1. Store all meaningful arguments to the constructor here for debugging.
2. Do most of the heavy-lifting like downloading the dataset, checking for consistency of already existing dataset etc. here
3. Aspire to store just the sufficient number of variables for usage in other member methods. Keeps the memory footprint low.
4. For any further derived classes, this is the place to apply any pre-computed transforms over the sufficient variables (e.g. building a paired dataset from a dataset of singleton images)
"""
def __len__(self):
"""
This function gets called with len()
1. The length should be a deterministic function of some instance variables and should be a non-ambiguous representation of the total sample count. This gets tricky especially when certain samples are randomly generated, be careful
2. This method should be O(1) and contain no heavy-lifting. Ideally, just return a pre-computed variable during the constructor call.

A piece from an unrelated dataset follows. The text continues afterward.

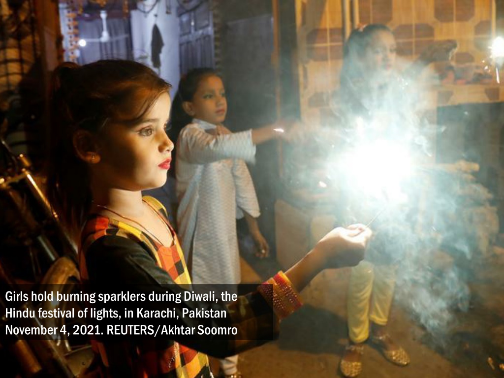 Girls hold burning sparklers during Diwali, the Hindu festival of lights, in Karachi, Pakistan November 4, 2021. REUTERS/Akhtar Soomro

3. Make sure to override this method in further derived classes to avoid unexpected samplings.
"""
def __getitem__(self, index):
"""
1. Make appropriate assertions on the "index" argument. Python allows slices as well, so it is important to be clear of what arguments to support. Just supporting integer indices works well most of the times.
2. This is the place to load large data on-demand. DONOT ever load all data in the constructor as that unnecessarily bloats memory.
3. This method should be as fast as possible and should only be using certain pre-computed values. e.g. When loading images, the path directory should be handled during the constructor and this method should only load the file into memory and apply relevant transforms.
4. Whenever lazy loading is possible, this is the place to be. e.g. Loading images only when called should be here. Keeps the memory footprint low.
5. Subsequently, this also becomes the place for any input transforms (like resizing, cropping, conversion to tensor and so on)
"""
Conclusion
Writing a DataLoader
was so easy that I already submitted a PR to add the Omniglot
dataset to the repository of
Vision datasets under PyTorch during my first day of working with it. You can check the
PR#373 for a more realistic example of writing DataLoaders from scratch.
Overall, the takeaway here is that “separation of concerns” goes a long way. Build the dataset from its unit item and derive custom transformation classes from this base dataset. This rather amazingly helps in fast experimentation with the data.